Go through the following data and transcribe exactly the stretch of lines from the one holding "Ho và tên thi sinh: Phan bhị. Thuân Hoa." to the one holding "Дальнейшая участь красавца", both included.

(Recorded information)
::::::::::

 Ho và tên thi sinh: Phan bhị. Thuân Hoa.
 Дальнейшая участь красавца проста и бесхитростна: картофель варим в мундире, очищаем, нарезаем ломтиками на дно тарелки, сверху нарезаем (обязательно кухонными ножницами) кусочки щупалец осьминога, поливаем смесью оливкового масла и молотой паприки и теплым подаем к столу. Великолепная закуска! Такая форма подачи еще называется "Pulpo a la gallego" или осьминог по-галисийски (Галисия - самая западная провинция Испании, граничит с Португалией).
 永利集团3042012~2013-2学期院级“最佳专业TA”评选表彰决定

::::::::::

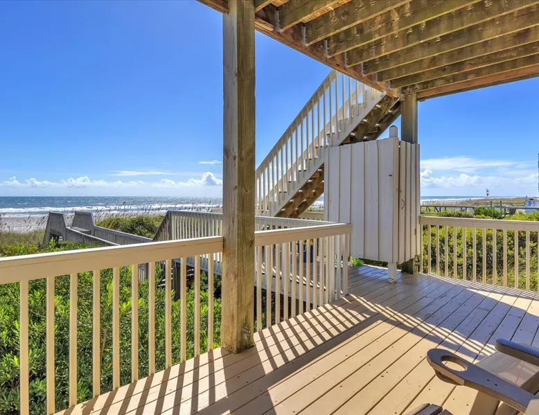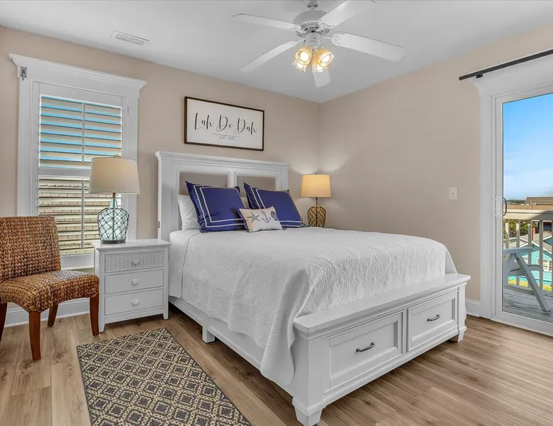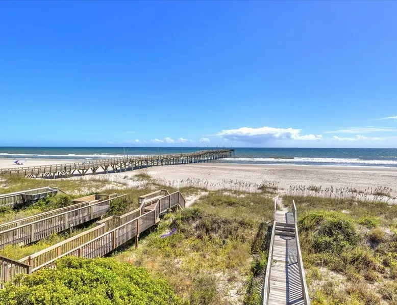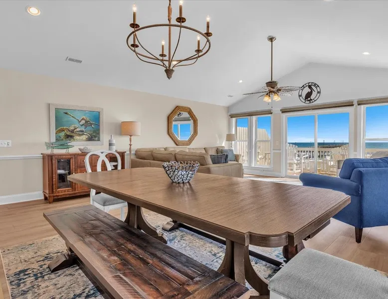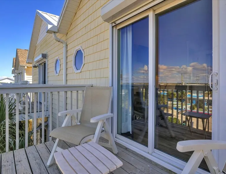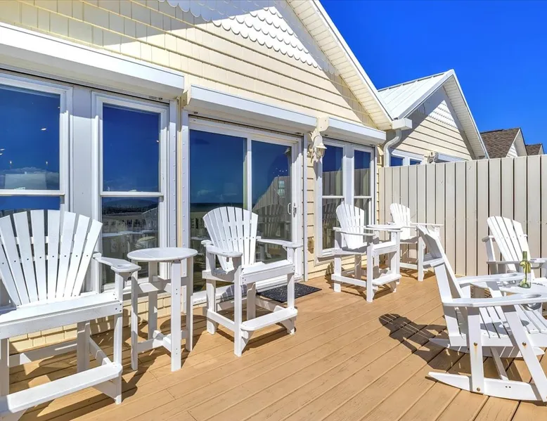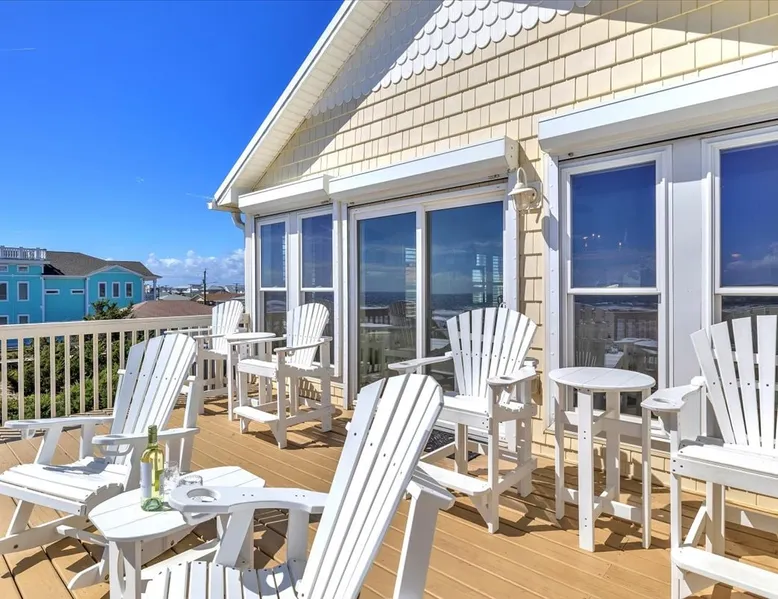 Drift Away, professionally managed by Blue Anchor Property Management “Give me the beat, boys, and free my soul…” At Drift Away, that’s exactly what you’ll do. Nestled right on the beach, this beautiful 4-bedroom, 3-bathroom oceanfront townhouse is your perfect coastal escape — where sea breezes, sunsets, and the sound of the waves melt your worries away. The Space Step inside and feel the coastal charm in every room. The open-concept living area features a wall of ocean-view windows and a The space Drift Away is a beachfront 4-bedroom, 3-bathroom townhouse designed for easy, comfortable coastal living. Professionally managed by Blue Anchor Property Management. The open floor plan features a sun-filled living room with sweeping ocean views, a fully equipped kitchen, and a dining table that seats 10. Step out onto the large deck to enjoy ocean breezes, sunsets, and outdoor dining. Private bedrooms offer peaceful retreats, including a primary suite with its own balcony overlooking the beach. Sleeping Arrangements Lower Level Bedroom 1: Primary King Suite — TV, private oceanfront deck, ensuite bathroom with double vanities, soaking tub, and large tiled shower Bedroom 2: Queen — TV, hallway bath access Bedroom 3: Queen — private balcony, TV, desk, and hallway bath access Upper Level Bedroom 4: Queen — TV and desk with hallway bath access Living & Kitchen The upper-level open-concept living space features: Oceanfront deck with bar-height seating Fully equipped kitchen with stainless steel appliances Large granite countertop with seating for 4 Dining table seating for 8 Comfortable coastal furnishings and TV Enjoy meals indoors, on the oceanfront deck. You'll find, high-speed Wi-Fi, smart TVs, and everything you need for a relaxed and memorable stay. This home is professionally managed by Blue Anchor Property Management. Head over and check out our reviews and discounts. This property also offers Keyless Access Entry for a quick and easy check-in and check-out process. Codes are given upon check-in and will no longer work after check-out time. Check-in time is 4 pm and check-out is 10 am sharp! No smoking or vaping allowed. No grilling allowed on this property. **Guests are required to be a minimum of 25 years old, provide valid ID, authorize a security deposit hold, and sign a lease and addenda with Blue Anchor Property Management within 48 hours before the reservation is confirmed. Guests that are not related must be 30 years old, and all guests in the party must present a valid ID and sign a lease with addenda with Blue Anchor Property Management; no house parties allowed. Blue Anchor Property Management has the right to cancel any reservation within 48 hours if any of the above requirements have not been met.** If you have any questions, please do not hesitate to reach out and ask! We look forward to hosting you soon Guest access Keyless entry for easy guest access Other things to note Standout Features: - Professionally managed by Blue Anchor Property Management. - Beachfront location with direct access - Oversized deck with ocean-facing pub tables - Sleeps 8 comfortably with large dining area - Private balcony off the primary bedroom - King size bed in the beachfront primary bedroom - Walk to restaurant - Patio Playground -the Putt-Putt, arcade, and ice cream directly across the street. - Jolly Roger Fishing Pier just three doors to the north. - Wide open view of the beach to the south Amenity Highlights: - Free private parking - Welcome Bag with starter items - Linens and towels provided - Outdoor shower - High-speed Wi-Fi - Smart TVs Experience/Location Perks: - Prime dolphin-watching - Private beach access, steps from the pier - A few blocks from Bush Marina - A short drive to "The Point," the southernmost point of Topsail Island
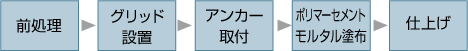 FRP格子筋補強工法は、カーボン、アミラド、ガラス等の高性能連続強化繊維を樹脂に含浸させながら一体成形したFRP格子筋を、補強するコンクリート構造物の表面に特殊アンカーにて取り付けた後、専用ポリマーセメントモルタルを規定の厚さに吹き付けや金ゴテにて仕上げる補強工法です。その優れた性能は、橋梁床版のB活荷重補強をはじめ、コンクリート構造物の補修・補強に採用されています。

::::::::::

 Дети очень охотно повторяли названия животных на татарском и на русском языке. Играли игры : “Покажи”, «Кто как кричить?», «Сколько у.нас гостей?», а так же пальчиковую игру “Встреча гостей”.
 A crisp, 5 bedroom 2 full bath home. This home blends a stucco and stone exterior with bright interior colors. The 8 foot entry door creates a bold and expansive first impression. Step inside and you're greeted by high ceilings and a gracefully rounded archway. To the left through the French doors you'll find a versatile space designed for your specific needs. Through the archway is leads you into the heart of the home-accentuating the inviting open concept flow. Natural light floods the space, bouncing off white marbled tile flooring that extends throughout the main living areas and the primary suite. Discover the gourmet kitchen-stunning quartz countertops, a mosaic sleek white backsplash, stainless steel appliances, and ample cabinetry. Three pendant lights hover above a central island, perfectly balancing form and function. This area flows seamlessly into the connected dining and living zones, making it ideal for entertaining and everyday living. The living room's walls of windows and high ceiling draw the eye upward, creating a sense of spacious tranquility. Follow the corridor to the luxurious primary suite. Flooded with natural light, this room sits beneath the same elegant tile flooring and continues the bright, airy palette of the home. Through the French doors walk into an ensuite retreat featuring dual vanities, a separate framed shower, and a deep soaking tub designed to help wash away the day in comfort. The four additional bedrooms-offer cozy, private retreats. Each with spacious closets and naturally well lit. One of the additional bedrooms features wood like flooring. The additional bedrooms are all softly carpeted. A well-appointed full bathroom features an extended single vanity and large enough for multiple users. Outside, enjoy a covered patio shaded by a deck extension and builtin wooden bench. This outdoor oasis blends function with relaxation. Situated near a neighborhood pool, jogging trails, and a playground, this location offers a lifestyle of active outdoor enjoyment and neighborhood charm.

::::::::::

(Response to this exercise)
 Ho và tên thi sinh: Phan bhị. Thuân Hoa.
 Дальнейшая участь красавца проста и бесхитростна: картофель варим в мундире, очищаем, нарезаем ломтиками на дно тарелки, сверху нарезаем (обязательно кухонными ножницами) кусочки щупалец осьминога, поливаем смесью оливкового масла и молотой паприки и теплым подаем к столу. Великолепная закуска! Такая форма подачи еще называется "Pulpo a la gallego" или осьминог по-галисийски (Галисия - самая западная провинция Испании, граничит с Португалией).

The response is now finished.